Capitalism is broken and the labour union movement, the leftover rump of Marxism, the natural critic of capitalism, isn’t going to fix it.

That’s for a very simple reason: the more broken capitalism is, the higher the corporate profits, and the more money the labour union pensions accrue. 

It was a stroke of genius: make all the political movements a beneficiary of corporate greed and crony capitalism.

And crony capitalism indeed.

According to a recent, widely reported paper  by American think-tank Groundwork Collaborative, 53 percent of the inflation in the second and third quarters of 2023 was attributed directly to corporate greed.  When the inflation rate was 11 percent, it should have been five percent.  It’s not just this side of the Atlantic.  Earlier this year, the IMF reported corporate greed was responsible for almost half of the European inflation.

The global corporate hegemony is profiting off your pain.  Great for shareholders and union pension funds. Not so great for you.

Why is this happening?

Well, because for capitalism to work, you need competition.  Competition keeps prices down. So when you don’t have competition, the corporations lose their honesty. And you lose your money. 

Some influential economic theory would have you believe otherwise.
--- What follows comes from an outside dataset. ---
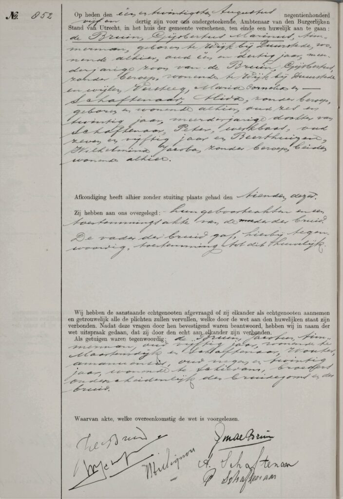 Huwelijk Gijsbertus Marinus de Bruin en Alida Schaftenaar, 21-08-1935
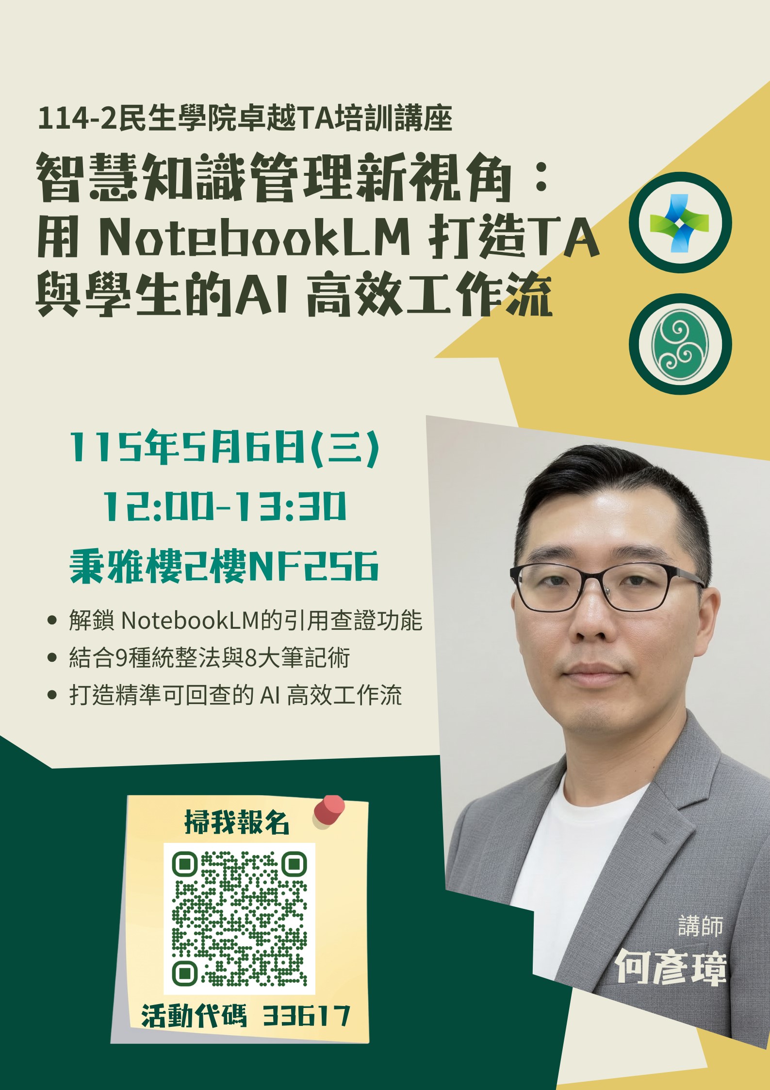 【民生學院114-2卓越TA培訓講座】智慧知識管理新視角:用 NotebookLM 打造TA與學生的AI 高效工作流

The Chicago school of economics, for instance, while claiming to value competition, also believes monopolies are acceptable.

The key to their claim is that monopolies are more efficient.  Sure, one huge vertically integrated grocery store chain is more efficient than a bunch of mom and pop grocers.

They are so efficient; the competition bites the dust.  

But a key issue is who benefits from the efficiency of a monopoly? When a supermill can produce a 2x4 for half the cost as a smaller mill, do you reckon they’d pass those savings onto you the consumer?  In the absence of competition, of course not.  The efficiency gains go to the owners, that is the shareholders.

Maybe that’s why the elite, from both left and right, are OK with the record profits we are seeing.  They all belong to the owner class, and the more monopolistic and profitable the corporate sector, the better for their investor returns.

So when you hear about gouging, don’t expect anyone on the political spectrum to pipe up and look out for the public good. Not the labour union movement.  Certainly not the corporate-allied conservative movement, who think the more corporate profits the better.

Everyone is in on the game.

Missing in all this discussion is that excessive profit is a contradiction of classical economic theory.

In a truly competitive economy, profits should be heading towards zero. Excessive profits are in fact a sign of a broken economy. They become a drag on the efficiency of the economy. Sure, you need the profit motive to inspire people to start businesses in under-served sectors. But in the long term, a sector, particularly a sector that doesn’t do anything particularly innovative, like running a sawmill, shouldn’t be high profit.

If our ruling classes across the political spectrum weren’t financially benefitting from the excessive corporate profits and payouts, we might have some policies to address it.